Dele Alli (£5m, MK Dons to Tottenham, 2015)

Dele Alli

Denying the existence of an English tax on footballers would be futile: it’s real, and the army of generic homegrown players who have moved for extraordinary fees proves it.

The balancing factor, in this case at least, is residual snobbery towards the Football League. Alli was clearly a very talented player and will likely become one of the most successful of his generation, but appearing in League One somehow counted against him.

For context, in the same transfer window, Tottenham recouped the fee for Alli by selling full-back Kyle Naughton to Swansea. 

Ryan Bertrand (£10m, Chelsea to Southampton, 2015)

Ryan Bertrand

Wastage at one club leads to opportunity for another, a theory which might be further proved if Chelsea graduates Nathaniel Chalobah and Dominic Solanke are successful at their new clubs (Watford and Liverpool respectively). 

Bertrand, who had initially joined Southampton on loan, was an early example of what happens when a developing player is starved of first-team minutes.
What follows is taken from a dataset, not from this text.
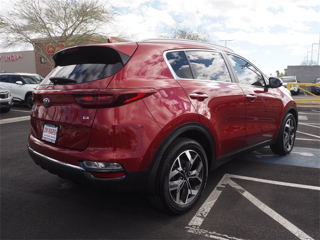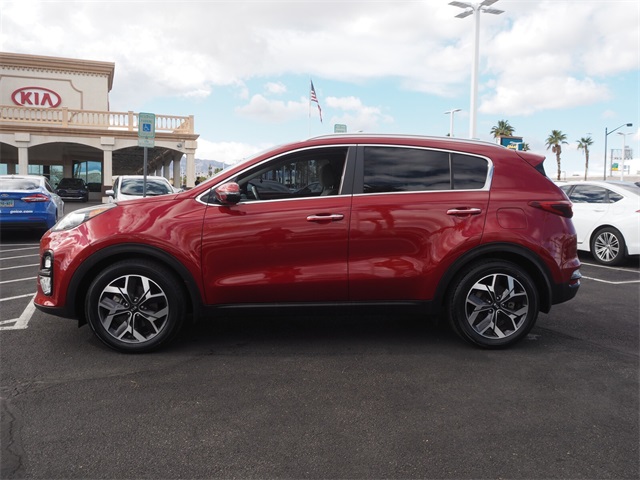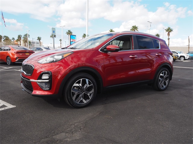 Priced below KBB Fair Purchase Price!23/30 City/Highway MPGHyper Red 2020 Kia Sportage EX FWD 6-Speed Automatic Electronic with Overdrive 2.4L I4 DGI DOHC 16VIf you don't drive here, you can't save here!Price may not include recon fee. Kia Certified Pre-Owned Certified, 18" Alloy Wheels, 4-Wheel Disc Brakes, 6 Speakers, ABS brakes, Air Conditioning, Alloy wheels, AM/FM radio, Apple CarPlay & Android Auto, Auto High-beam Headlights, Automatic temperature control, Axle Ratio: TBD, Brake assist, Bumpers: body-color, Cargo Cover, Carpet Floor Mats, Delay-off headlights, Driver door bin, Driver vanity mirror, Dual front impact airbags, Dual front side impact airbags, Electronic Stability Control, Exterior Parking Camera Rear, Four wheel independent suspension, Front anti-roll bar, Front Bucket Seats, Front Center Armrest, Front dual zone A/C, Front fog lights, Front reading lights, Fully automatic headlights, Heated door mirrors, Heated Front Bucket Seats, Heated front seats, Illuminated entry, Leather Shift Knob, Leatherette Seat Trim, Low tire pressure warning, Mud Guards, Occupant sensing airbag, Outside temperature display, Overhead airbag, Overhead console, Panic alarm, Passenger door bin, Passenger vanity mirror, Power door mirrors, Power driver seat, Power Liftgate, Power steering, Power windows, Radio: AM/FM/MP3, Rear anti-roll bar, Rear seat center armrest, Rear window defroster, Rear window wiper, Remote keyless entry, Roof rack: rails only, Security system, Speed control, Speed-sensing steering, Split folding rear seat, Spoiler, Steering wheel mounted audio controls, Tachometer, Telescoping steering wheel, Tilt steering wheel, Traction control, Trip computer, Turn signal indicator mirrors, and Variably intermittent wipers.

He fails to develop at a proper pace, decides to leave, and is then invariably sold for far less than his potential value.

Two years have passed since then and a new television deal has swollen the market further, but - given that Bertrand is now being hunted by Manchester City and Liverpool - it remains a pertinent example of big-club oversight.

Fernando Llorente (£5m, Sevilla to Swansea, 2016)

Fernando Llorente

Undisclosed transfer fees are joyless and, at a time when transparency is particularly important, they really shouldn't be allowed. However, Llorente’s fee is assumed to have been minimal, and it could easily be argued that he was one of the 2016/17 Premier League’s most valuable players.

His wages probably aren’t incidental, but without his 15 goals from 33 league games last year, Swansea would have been relegated. Clearly, that left them at a net profit for a player who outperformed many of the forwards who cost considerably more.

Demarai Gray (£3.7m, Birmingham to Leicester, 2016)

Demarai Gray

An odd transfer and a stranger state of affairs. Gray was a known commodity before moving to Leicester, having been a fixture in the England age-group teams as a teeenager. Given his obvious promise, £3.7m was an absurd fee and asked serious questions of whoever allowed such a paltry release clause into his Birmingham contract.

To date, Gray can’t quite be said to have been a success at the King Power, but only a contrarian would deny that a surge is imminent. He’s grown frustrated with his lack of opportunities and, tellingly, Borussia Dortmund and Tottenham are watching that stand-off with interest. Either Leicester will get a very good player or make an extremely handsome profit. They've already turned down £20m from Bournemouth this summer.